Quantum Cryptography: The Next Frontier for Secured Communications and Satellites’ Pivotal Role

In the past month, there have been many announcements on the topic of quantum communication, both in research and in the industry. Thales Alenia Space, the joint venture between Thales and Leonardo, and SpeQtral, a satellite quantum communications technology company, signed a memorandum of understanding to research, develop, and demonstrate quantum communications from space to Earth. Shortly afterward, the leading satellite communications operator SES signed a contract with the European Space Agency for a 20-company consortium to build and operate a Low Earth Orbit (LEO) small satellite—called Eagle-1—to test long-distance Quantum Key Distribution (QKD).

In the beginning of October, the Royal Swedish Academy of Sciences, the institution which hands out the Nobel Prize, awarded a group of scientists (Alain Aspect, John Clauser, and Anton Zeilinger) with the Nobel Prize in Physics 2022. The award was granted due to their work in quantum mechanics and, in particular, quantum entanglement—a phenomenon where two particles are linked regardless of the distance or space between them. Although the prize was only awarded this year, the Chinese Micius satellite (orbiting at about 500 km), built partially based on Clauser’s findings in quantum physics research, has successfully conducted a communication link between two ground stations separated by more than 1,120 km in 2020.

For communications, privacy and security are key. The current infrastructure for our communications networks utilizes what is known as the Public Key Infrastructure (PKI). Crucial in encrypting our data, PKI faces limitations in the future. It plays an important role in facilitating the secured electronic transfer of information in networks by providing a digital key that not only protects data but also can only be opened by the intended receivers. With advancement in quantum computing capabilities, it will become possible to break down the current cryptography infrastructure relatively quickly with attack-capable quantum computers. As such, within the quantum technology community, security has become a critical aspect, and not just for its ability to search for new drugs or solve optimization problems.

So how close are we before quantum computing potentially breaks down our current cryptography techniques? Based on the Quantum Threat Timeline Report 2020, experts in quantum computing believe that within two to three decades, quantum computing will be able to break one of the most commonly used encryption algorithms (RSA-2048) within 24 hours, and others believe it might be even sooner (by 2030–2035). The report’s time line seems long, but this time is needed to migrate our current data into new encryption technology and then to consider how long these data can be protected by the technology. If the threat (e.g., quantum computing breaking RSA-2028 encryption) is ready prior to the full migration and integration of new encryption technologies, then we face dire threats in our ability to provide secured communications.

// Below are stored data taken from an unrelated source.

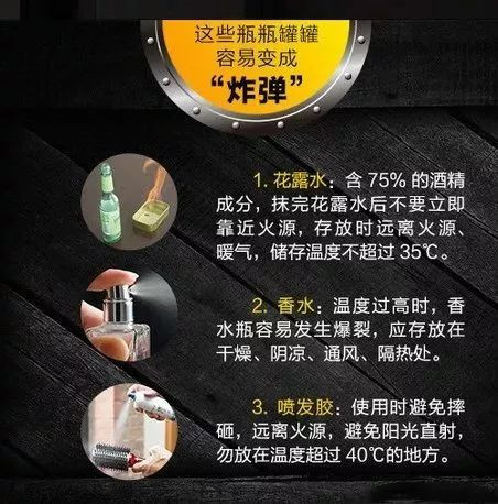 手機充電器放在插線板上長期不拔,易短路或高壓擊穿引發(fā)火災(zāi)。一些家用電器、常用的瓶瓶罐罐,都是潛在的“定時炸彈”,手機、空調(diào)、高壓鍋、微波爐、花露水、香水……使用不當可能爆炸,威脅人身安全!
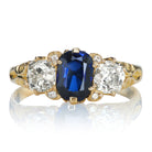 The Jacky ring is an authentic antique sapphire and diamond engagement ring from the late Victorian Era. The ring centers a GIA certified Oval No-Heat Sri Lanka sapphire of approximately 1.00-carats. The stone is set in an 18kt yellow gold setting with an old mine cut diamond set to each side of the sapphire, each approximately 0.25 carats, with 4 tiny rose cut diamonds are set between each of the stones. The side stones are approximately N-O-P color, VS-SI clarity. The ring is currently size 5.75 and can be resized!
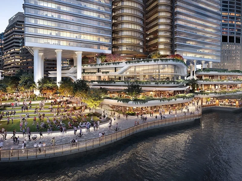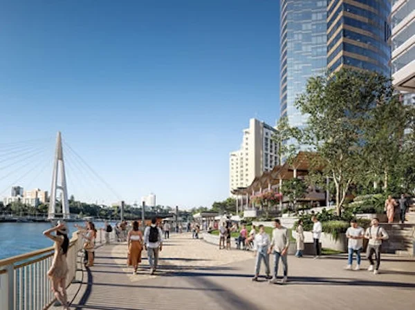 The wider riverfront plan includes new public space and future dining areas set back from the path, along with landscaping described as subtropical or tropical in style. Plans also flag cyclist end-of-trip facilities, including bike storage and e-bike servicing. Developers say the rebuilt public realm is being shaped to keep the walkway usable while the larger site takes shape.
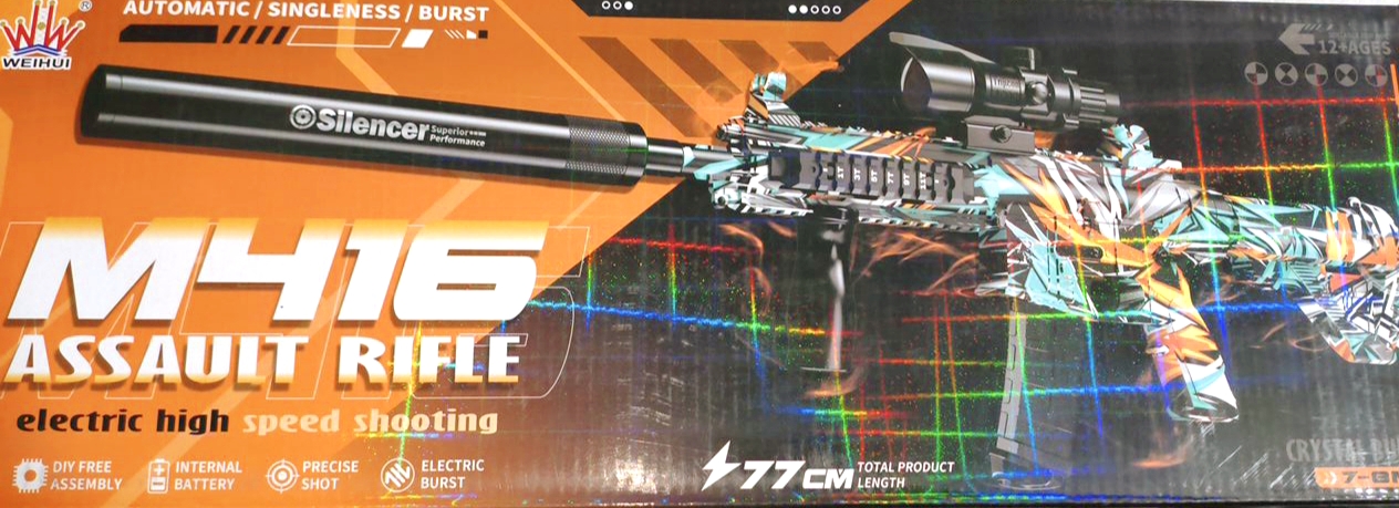 تفنگتیر ژله ای شارژی M16 تیر ژله ایی 6GB همراه شلیک شارژی صدا خفه کن امکان تغییر به تک تیر و دارای گلنگدن و رگباری ) کد 556 فقط تا 30بهمن پنجاه 50 درصد تخفیف ویژه
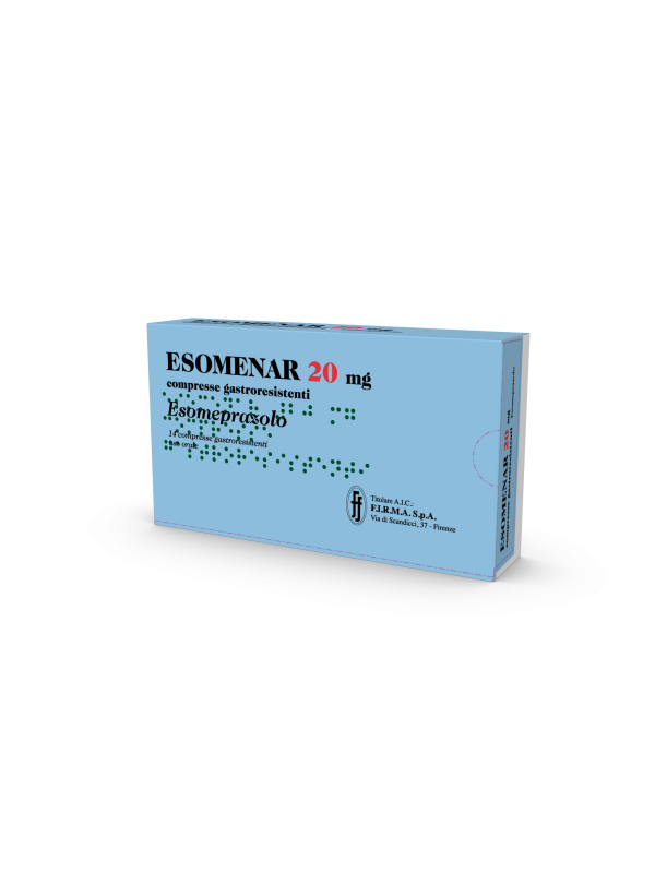 Posologia: La dose raccomandata è di 20 mg di esomeprazolo (una compressa) al giorno. Potrebbe essere necessario assumere le compresse per 2-3 giorni consecutivi per ottenere il miglioramento dei sintomi. La durata del trattamento è fino a 2 settimane. Una volta ottenuta la completa scomparsa dei sintomi, il trattamento deve essere interrotto. Se non si ottiene la risoluzione dei sintomi entro 2 settimane di trattamento continuo, il paziente deve consultare un medico. Popolazioni particolari. Popolazione pediatrica: Non esiste alcuna indicazione per un uso specifico di ESOMENAR nella popolazione pediatrica di età inferiore a 18 anni nell’indicazione: “trattamento a breve termine dei sintomi da reflusso (es. pirosi e rigurgito acido)”. Compromissione della funzionalità renale: Nei pazienti con funzionalità renale compromessa non è richiesto un aggiustamento della dose. In ragione dell’esperienza limitata nei pazienti con insufficienza renale grave, questi pazienti devono essere trattati con cautela (vedere paragrafo 5.2). Compromissione della funzionalità epatica: Nei pazienti con compromissione epatica da lieve a moderata non è necessario un aggiustamento della dose. Tuttavia, i pazienti con compromissione epatica grave devono essere consigliati da un medico prima di assumere ESOMENAR (vedere paragrafo 4.4 e 5.2). Anziani (≥65 anni): Negli anziani non è necessario un aggiustamento della dose. Modo di somministrazione: Le compresse devono essere ingerite intere con mezzo bicchiere di acqua. Le compresse non devono essere masticate o frantumate. Per i pazienti che hanno difficoltà di ingestione, le compresse possono essere disperse in mezzo bicchiere d’acqua non gassata. Non deve essere utilizzato nessun altro liquido in quanto il rivestimento enterico può dissolversi. Mescolare fino a che la compressa non si è disintegrata e bere l’acqua con i granuli immediatamente o entro 30 minuti. Sciacquare il bicchiere riempiendolo a metà d’acqua e bere. I granuli non devono essere masticati o frantumati.
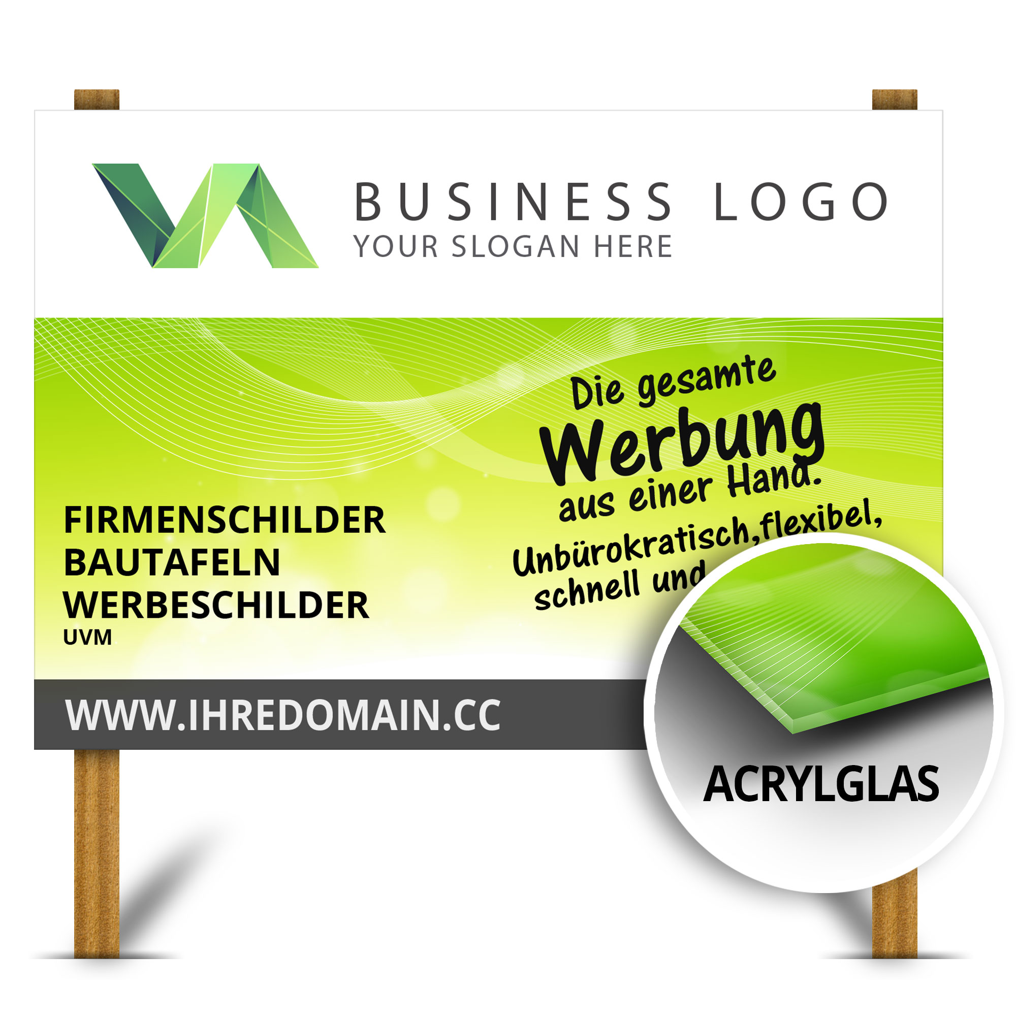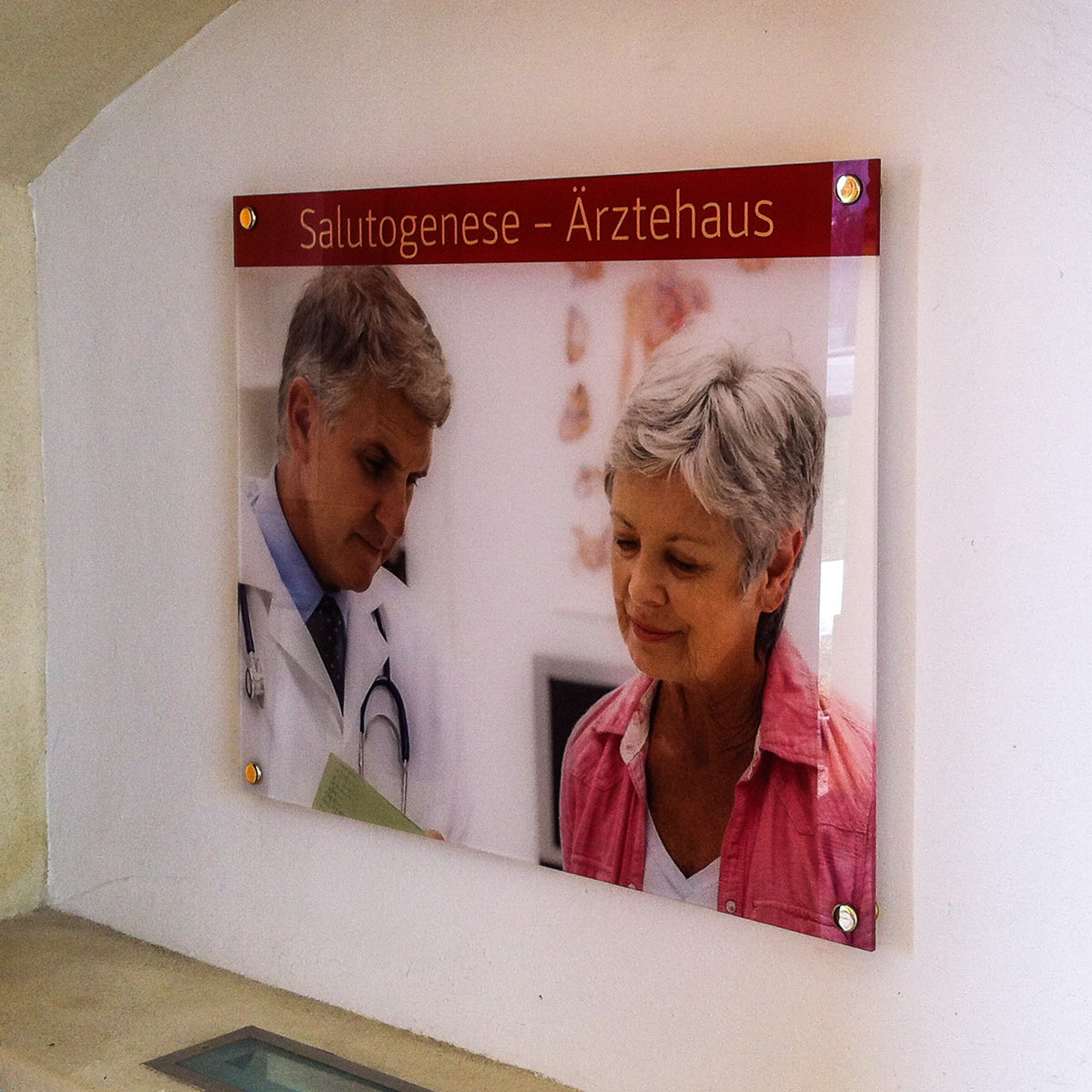 Direkt bedrucktes Acrylglas-Werbeschild, optional mit Weissdruck.

To overcome this, two key technological developments have been developed. The first is Post-Quantum Cryptography (PQC), and the second is QKD. (Please see ABI Research’s “U.S. NIST Announces Post Quantum Cryptography Algorithms for Standardization” [IN-6606] on the progress made in PQC.) QKD is a cryptographic key distribution technique that can be used in communications tapping in quantum physics properties. Within QKD, there are two main types of protocols: (1) prepare-and-measure protocols and (2) entanglement-based protocols. Entanglement-based QKD, where two objects or particles are linked to each other regardless of distance, allows any eavesdropping or intrusion attempts to be exposed to the main parties. Any changes made to one of the particles will affect the other, thus revealing the man in the middle, creating a highly secured communication channel. So how does all this tie back to the announcements released by the companies mentioned? Realizing the threat to traditional encryption technologies, companies such as satellite communication operators have to move ahead as soon as possible to next-generation technology, and they are in a unique position to do so.

QKD can be performed through ground-based means, such as using fiber optics to transmit the photons or via free space transmission. However, there are limitations due to scattering loss as the photons travel through fiber, and thus it is not an optimal method for long distances. The secret key rate (bits/total pulse) starts to drop off exponentially as the distance increases in fiber. While the industry is attempting to build quantum repeaters to reamplify the signals, allowing it to travel longer distances, there are risks that repeaters will discover the message that is passed on. At the same time, research on quantum repeaters is still in the early stages, so it is not known yet how this will pan out.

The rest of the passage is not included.